Uzur invited WSU senior Moriah Wilhelm, a violinist, to perform in Wednesday’s string quartet after her preview.

“Just being able to see professionals that you only see in the media, to see people live who you can only hear on a CD or can only see on YouTube . . . this is live, and there’s an element to live performance that you don’t get anywhere else,” Wilhelm said.

Only two pieces were performed in this concert, but each one was about 15 minutes long.

“(Chausson’s ‘Concerto’) is a really long piece, but it doesn’t feel long when you play it because there are so many colors and so many emotions,” Wilhelm said. “The first movement is kind of an adventure (and) very youthful, and then the second movement has a lullaby type of a feel. We decided that it was old, wholesome wisdom. The third movement is so dark and so full of anxiety that everybody feels, and then the fourth movement is again so youthful, and when I play I always imagine hope and somebody picking themselves back up, like a youthful person always pushing forward for new events and new experiences.”

Uzur said he began the festival with French composers in order to have the live-recording performance first.

“They’re really good musicians, so when you get together and you don’t have enough time to put things together, you need people who are willing to work hard and be very professional,” Uzur said.

Uzur said the performance had a smaller turnout than he wanted, but that he believes it truly depends on the night and also on the festival’s reputation, which is growing well through word of mouth.

“Sometimes I like classical music, and sometimes I like pop music, but different music has different unique feelings, so I enjoy it,” said Katherine Truong, a WSU junior who was in the audience.

The festival has several performances running until March 30, including a free concert on Monday specifically featuring Uzur and Brad Richter. The duo will perform “From Albeniz to Zeppelin,” a collection of different classical and rock music. This show will be in the Allred Theater in the Browning Center and begin at 7:30 p.m.

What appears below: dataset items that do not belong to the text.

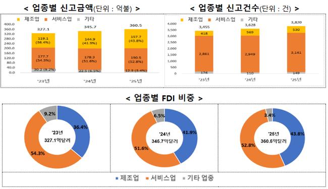 산업통상자원부는 2025년 연간 외국인직접투자 신고액이 전년 대비 4.3% 증가한 360.5억 달러로 역대 최대를 기록했고, 자금 도착액도 179.5억 달러로 16.3% 늘었다고 밝혔다.
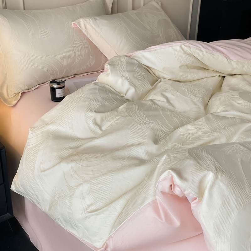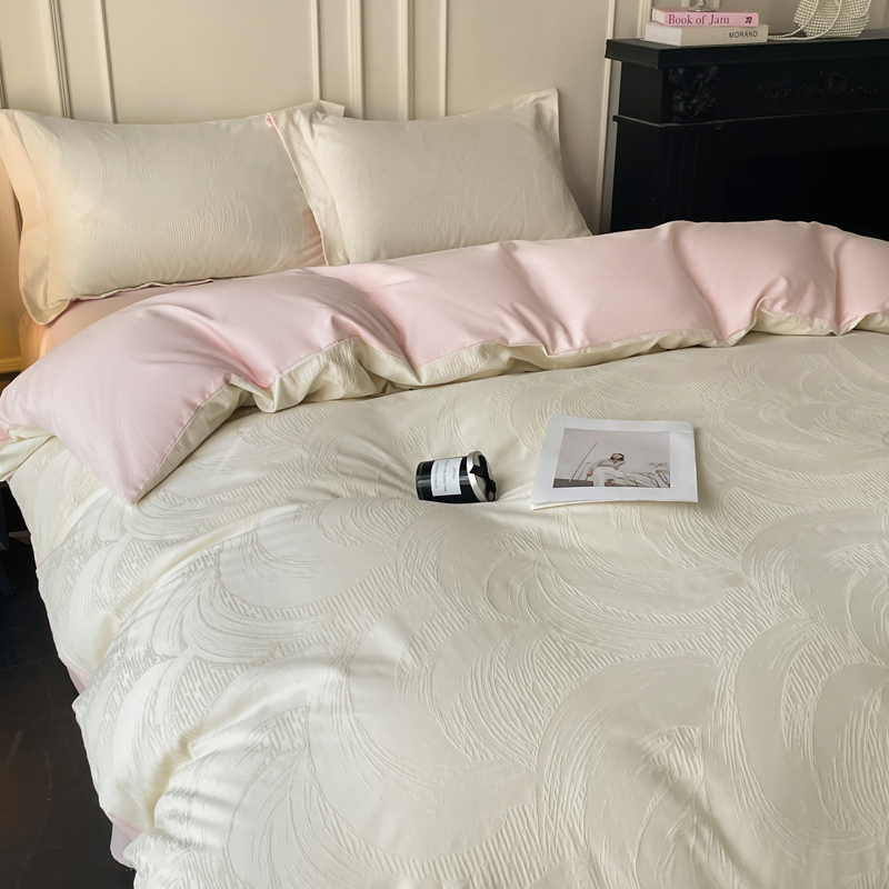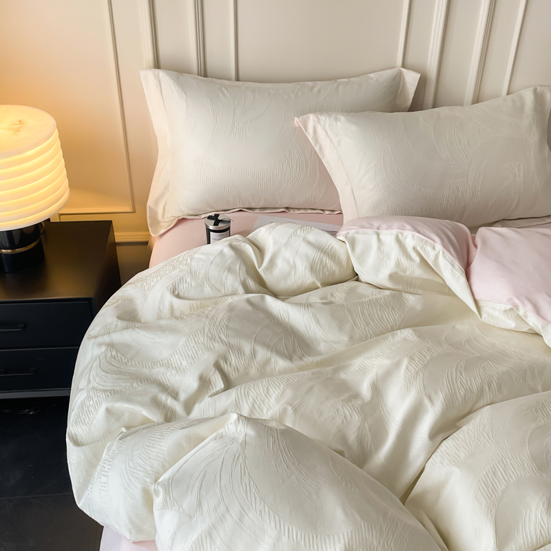 商品名称:云锦家居 2025新款秋冬50双股磨毛提花四件套 雅韵-粉白
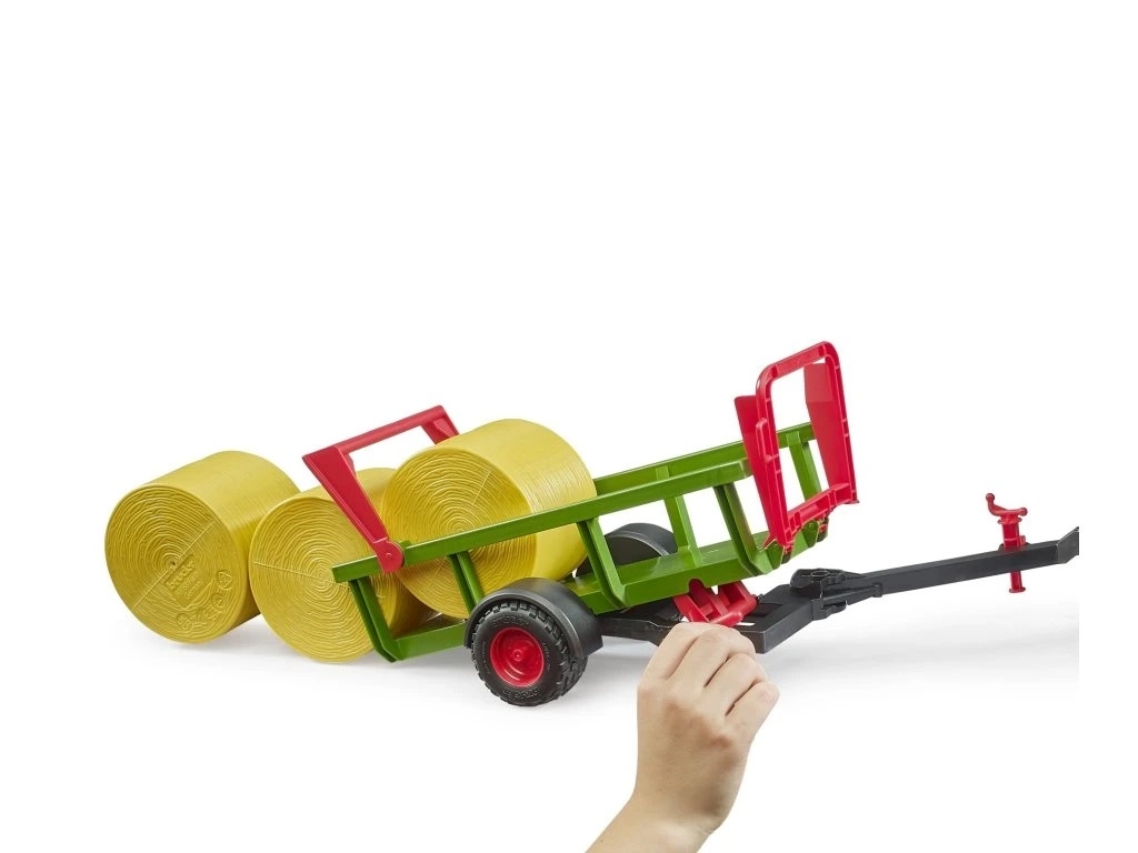 Het model is volledig compatibel met BRUDER-tractoren (series 1000 t/m 3000) en met rondebalenpersen met de typische BRUDER-trekhaak. De balen zijn inbegrepen, zodat niets een direct spel in de weg staat en motoriek, fantasie en interesse in techniek worden gestimuleerd.
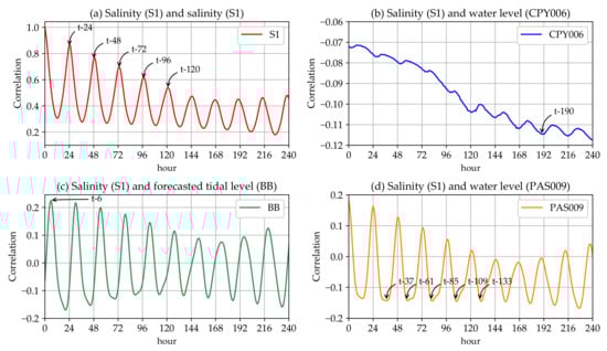 The cross-correlations between S1 and various variables for the high water level case: (a) the auto-correlation of S1; (b) the cross-correlation between S1 and CPY006; (c) the cross-correlation between S1 and BB; and (d) the cross-correlation between S1 and PAS009.
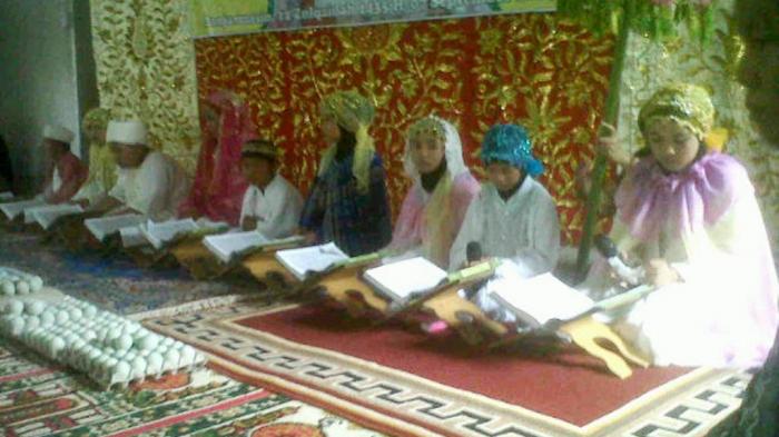 Sembilan santri dan santriawati dari TK/TPA Alquran LPPTKA, BKPRMI Unit 154 Nurul Ikhlas Banjarmasin melaksanakan khataman Alquran di Mesjid Nurul Ikhlas di Kompleks Gardu Mekar Indah, Minggu (7/9/2014) siang.

“What’s unique about classical music is that the spiritual level is very deep,” Uzur said, “and the composers that wrote classical music, many of them are geniuses, and the message that their music carries and the depth that the music carries will stay forever. That’s why I believe it’s very important to listen to classical music and understand the beauty of it, because it’s really an art. Not art in the sense that it’s unreachable — it’s for everyone, right? — but it’s just extremely deep and developed and masterful and beautiful.”